# Mini Hackathon for Flagging Gitcoin Attackers
## Input
- Training Dataset
- Initially small, but to be boostraped through iterations
- Has the same features of the contributions dataset, but with a 'suspected_attacker' boolean column.
- Contributions dataset (target dataset)
- The same structure from the repo
## Output
A map that associates a user to a number between 0 and 1
## Pipeline
(training_user_data) -> (training_contributions_data)

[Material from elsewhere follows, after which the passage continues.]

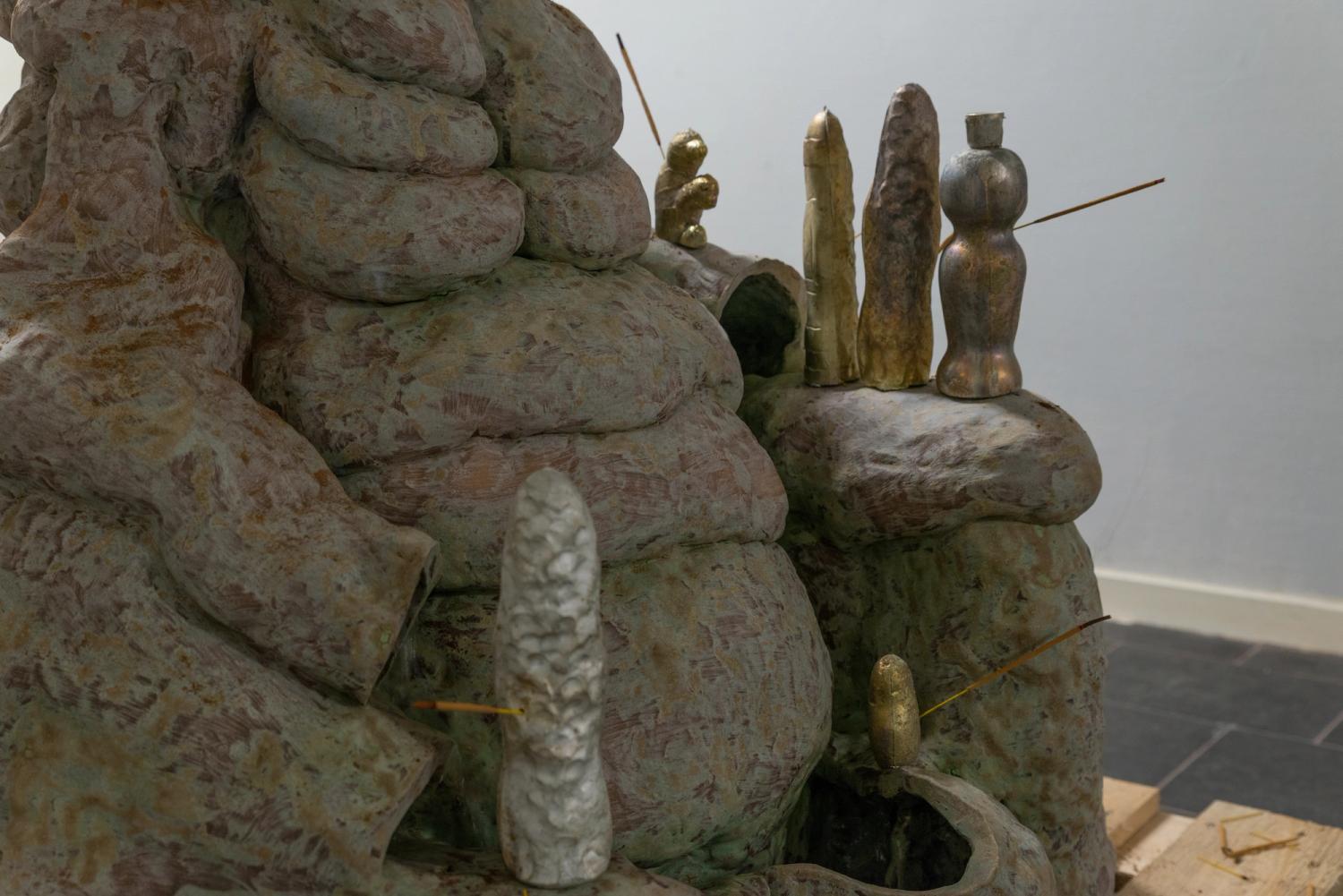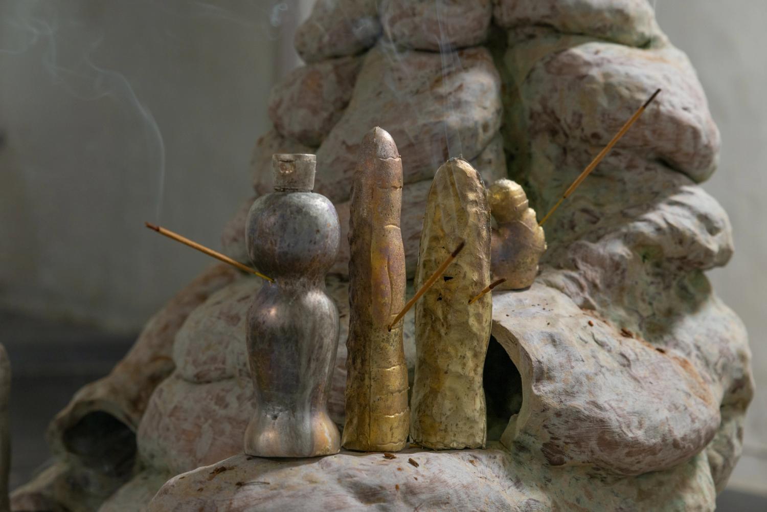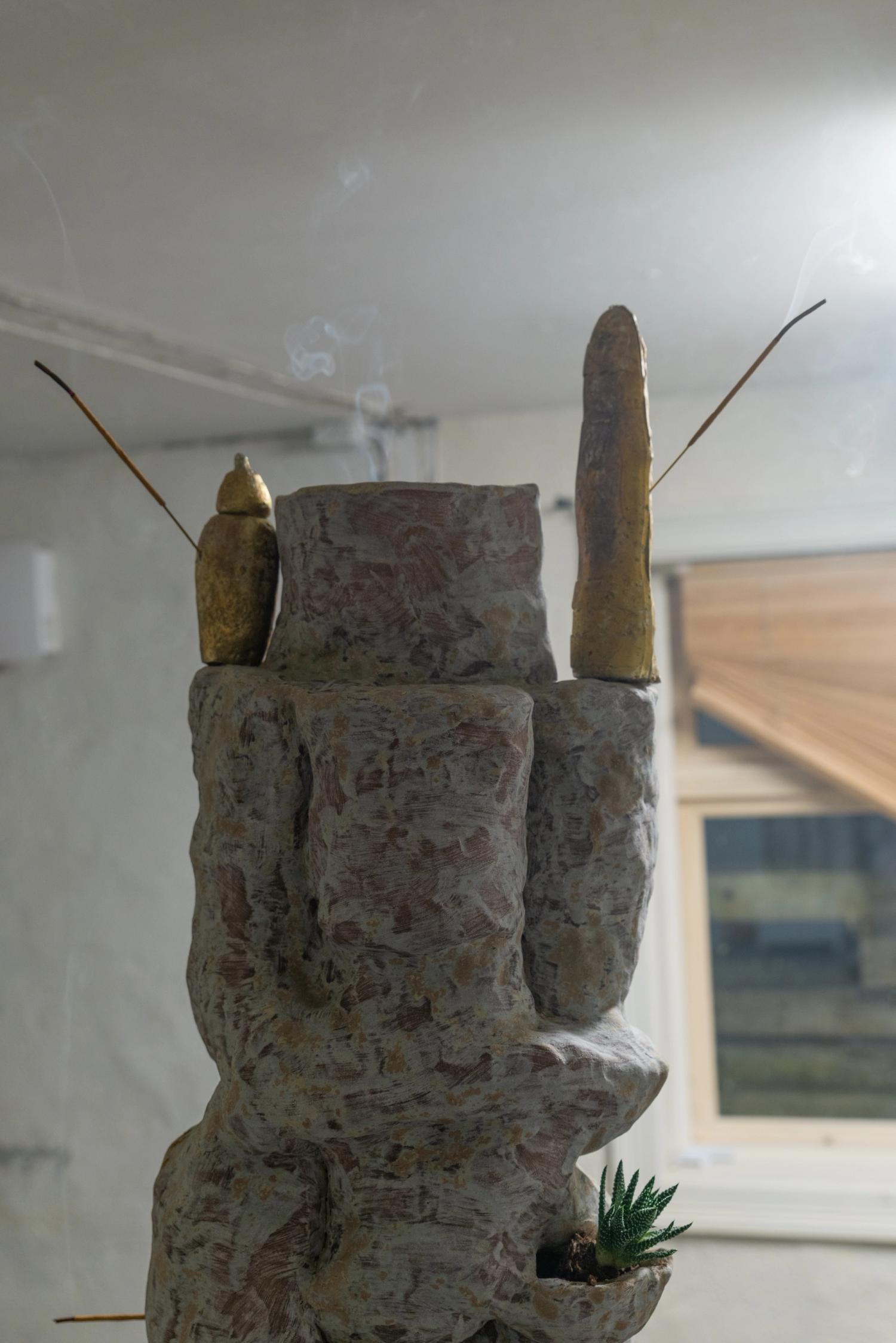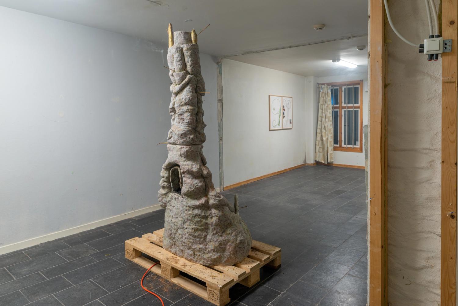 In the ceramic sculptures artist Bjørn Mortensen has worked on in recent years, he has often returned to overloading an object with potential functions. He has made sculptures that could serve as both a container, birdhouse, incense holder, fountain, flower pot and garden fireplace at the same time. These manifold functions have nevertheless only marked a potential within the objects. In the works for this exhibition, his aim has been to activate all the potentials at the same time. Using the title Feeding Fetish, Mortensen both hints at how these works may function, but also at how he himself has worked when creating them, "feeding" them with new layers, objects and functions.

## Features (contrib-level)
Dimensions (non-orthogonal): Contrib, User, Wallet, Grant
- Label (user)
- Sucess (contrib)
- Median USDT amount (user)
- Median USDT amount (wallet)
- Number of contributions (user)
- Number of contributions (wallet)
- Associated IP address count with user (user)

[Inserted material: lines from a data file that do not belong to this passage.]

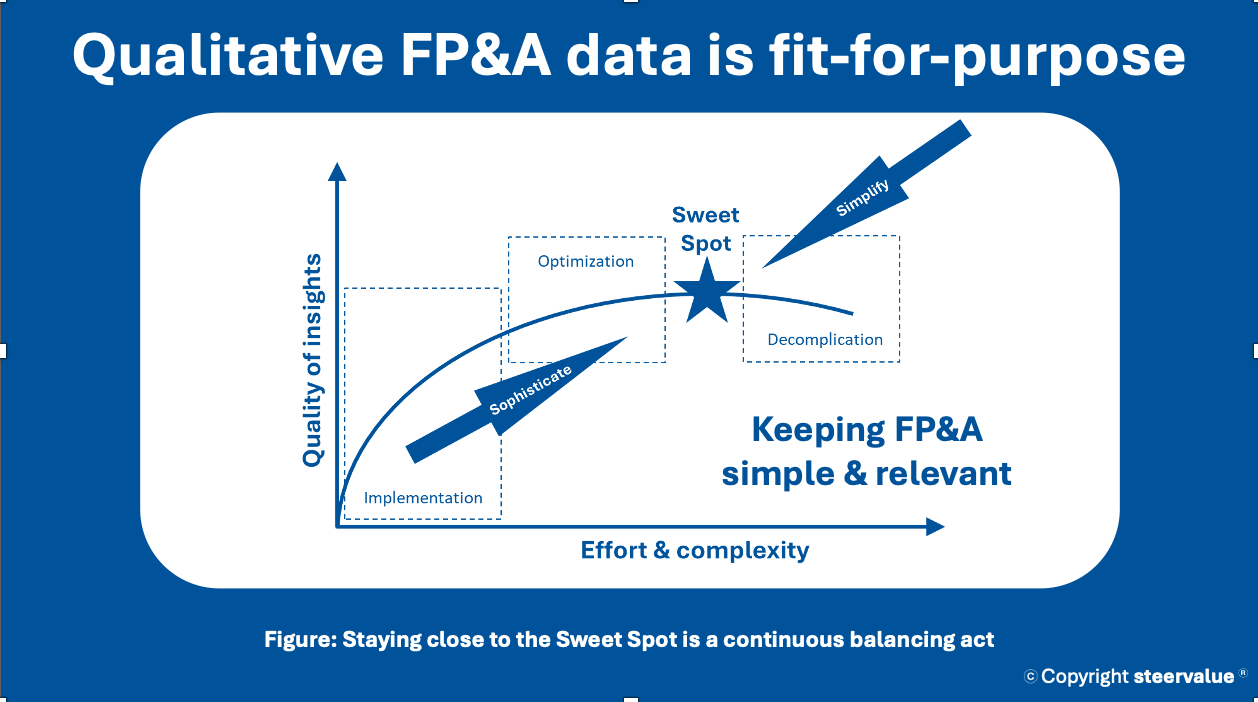 Het vinden van de juiste balans kan een uitdaging zijn. Het hangt af van het bedrijfsmodel, het tempo van de besluitvorming en de volwassenheid van de systemen. FP&A speelt een cruciale rol bij het definiëren van wat ‘kwalitatieve data’ inhoudt en of het ‘fit-for-purpose’ is.
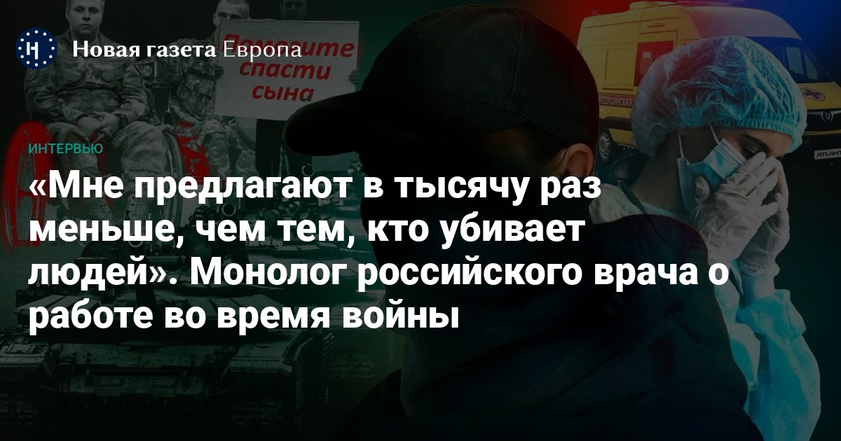 Я всю жизнь хотела лечить людей, чтобы они были здоровы. И в один момент моё государство сказало: «Ну, слушай, мало ли что ты хочешь». И когда ты в определенный момент чувствуешь, что в этом обществе [лечить людей] не надо, в этом обществе надо убивать других людей, и это поощряется… Когда ты понимаешь, что вот ты врач, ты учился, всё супер, но тебе нечем лечить, потому что твое государство решило, что деньги на танки важнее, чем деньги на препараты от тромбозов, — ну, простите.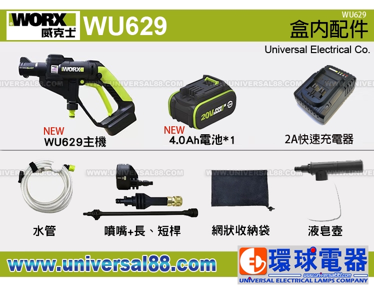 德國威克士 WORX WU629 20V鋰電高壓清洗槍 WORX WU629 High Pressure Water Jet 洗車神器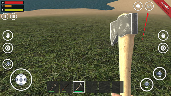 3、然后掏出武器,点击瞄准即可开火(一般都是石斧,想要其它武器需要自己打造)。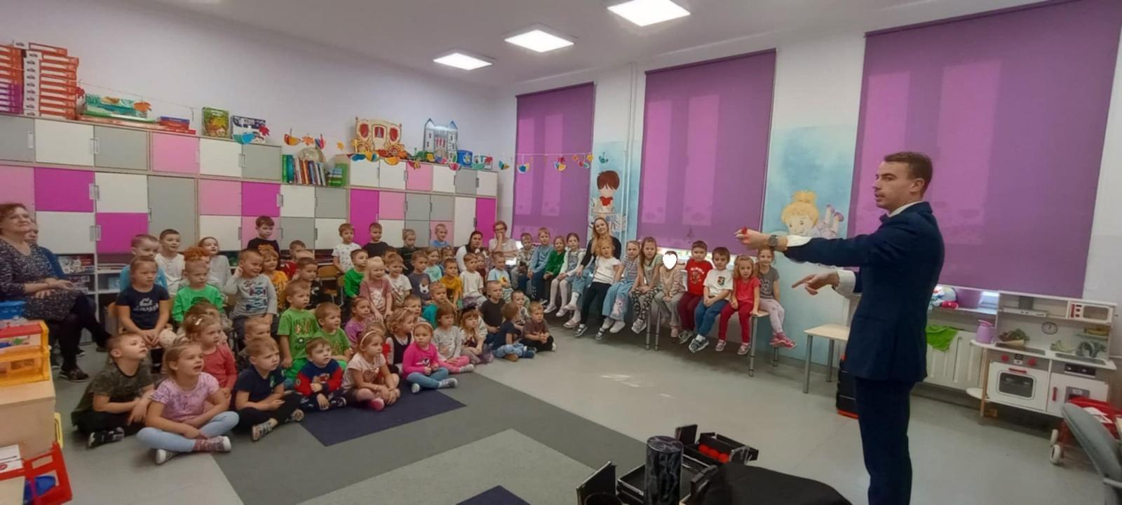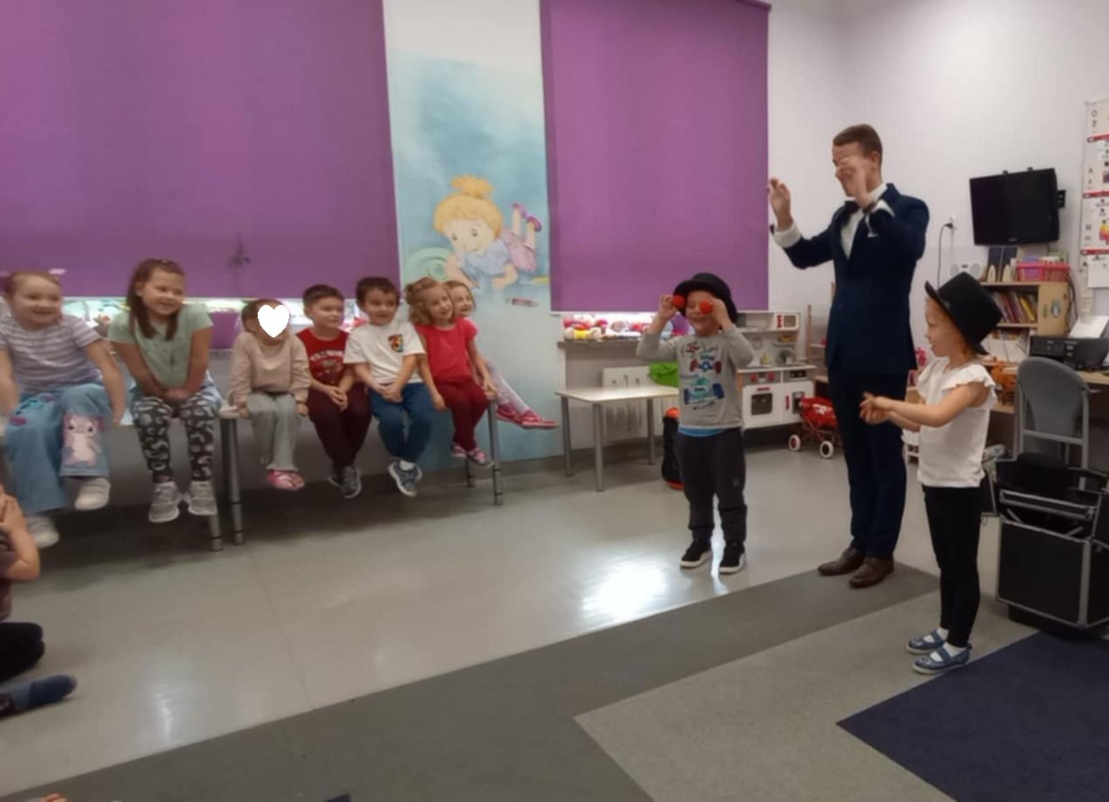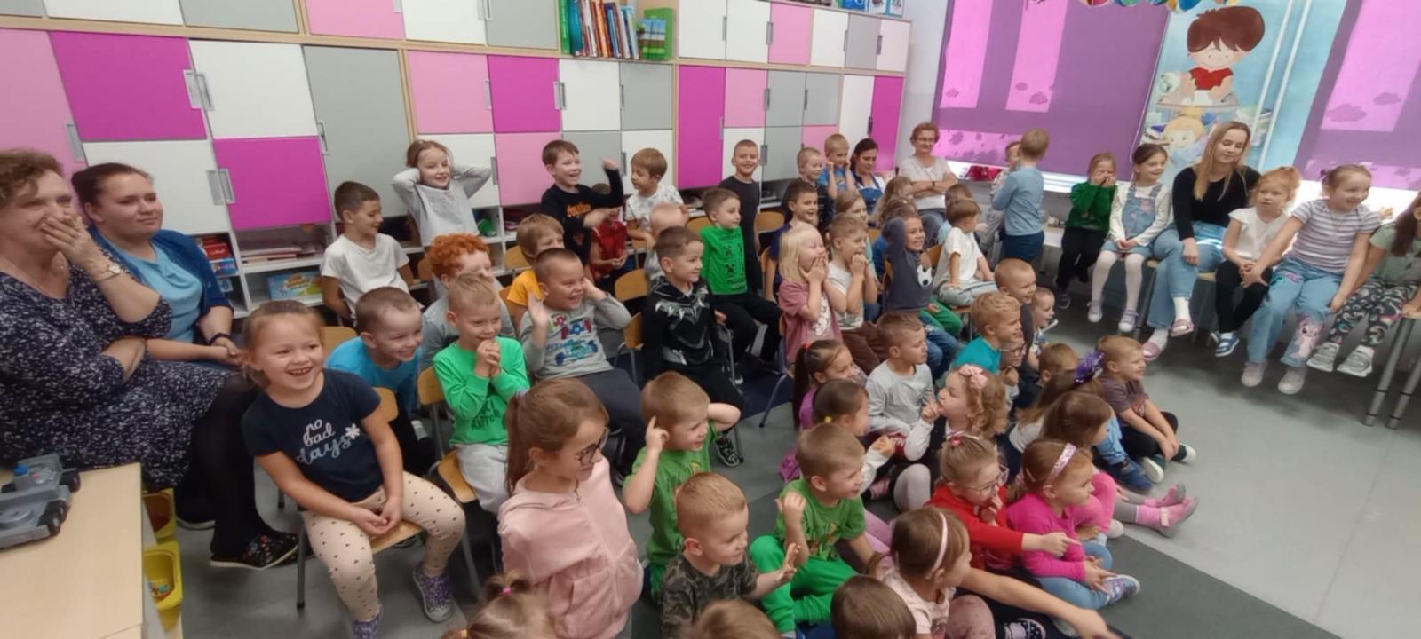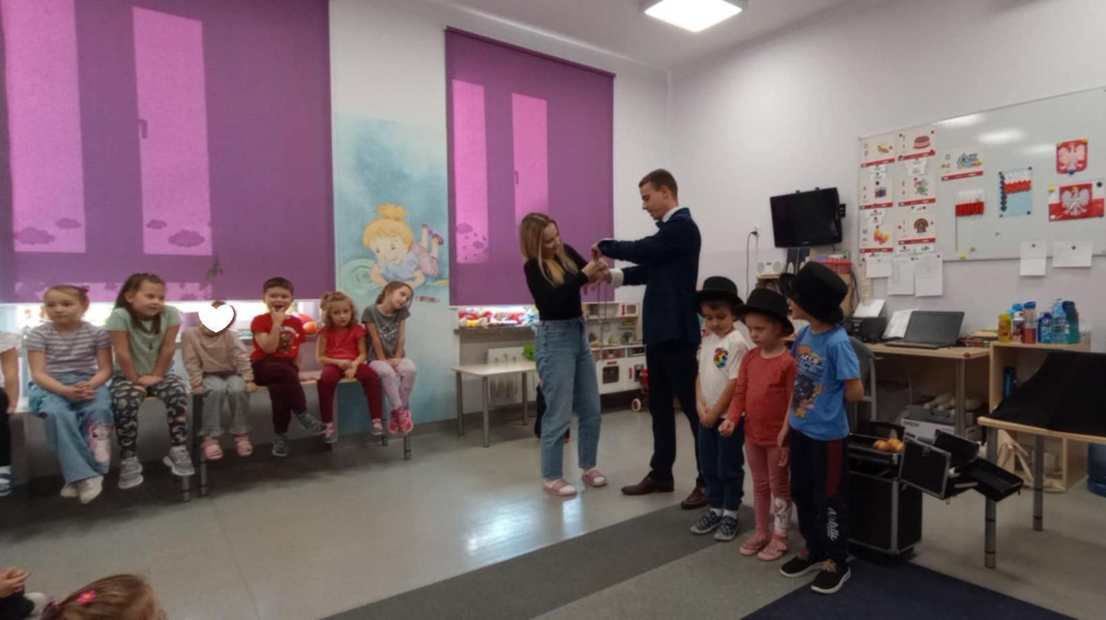 W dniu 04 listopada wszystkie przedszkolaki wzięły udział w pokazie Iluzjonisty z grupy Moccino. Dzieci były zachwycone sztuczkami przedstawionymi przez magika. Dzięki zaangażowaniu części przedszkolaków w występ pokaz stał się jeszcze ciekawszy. Wywołał u wszystkich dzieci wiele uśmiechu oraz momentów zachwytu.

- Associated IP address count with wallet (wallet)
- Count of users with the same wallet (user vs wallet)
## Features (user-level)
## Methodology
The main strategy is to iterate quickly by using a mix of context-specific feature engineering, exploratory data analysis and the usage of ensemble Machine Learning methods for testing threshold based flagging algorithms.
The approach consists of as follows:
1. We generate a training dataset by taking a subset of the full data and labelling the grants / contributions manually using context knowledge.

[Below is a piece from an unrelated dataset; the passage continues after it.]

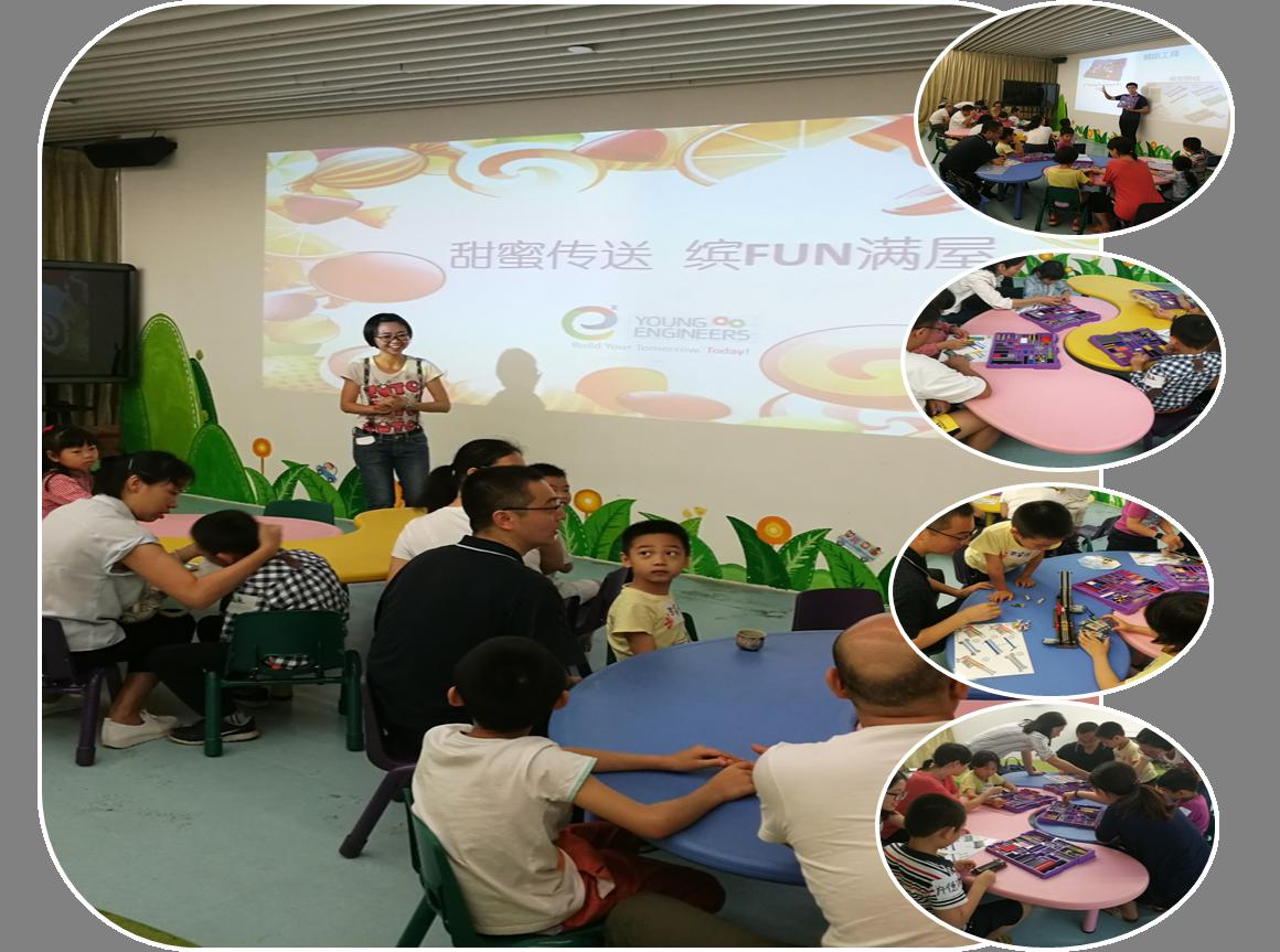 磅礴大雨把糖果王国的糖果传送带给弄坏了,小小工程师请小朋友们帮忙制作糖果传送带,让糖果小镇重新焕发生机。5月7日上午,在来自e2 Young Engineers老师的指导下,小朋友和家长利用积木亲子合作各自完成了负责的部分,然后拼接在一起,连成一条长长的甜蜜糖果传送带!小朋友将自己的糖果放上去,就可以把糖果传送到另一头的爸爸妈妈手上里!

2. New features are added / transformed
3. A ensemble ML model is trained.
- If the ML model has good enough performance metrics, we proceed, else, we go back to step 2 or 1.
4. The ML model makes predictions on a larger dataset that is still a subset.
5. EDA is performed into the projections, and new knowledge is incorporated.
6. We go back to step 1 with a larger amount of data.
- Enriching the contributions through grant properties & graph properties
- Work through subsets of grants in increansgly larger count of grants
- Decision trees and LASSO logistic regressions
- RF for measuring importance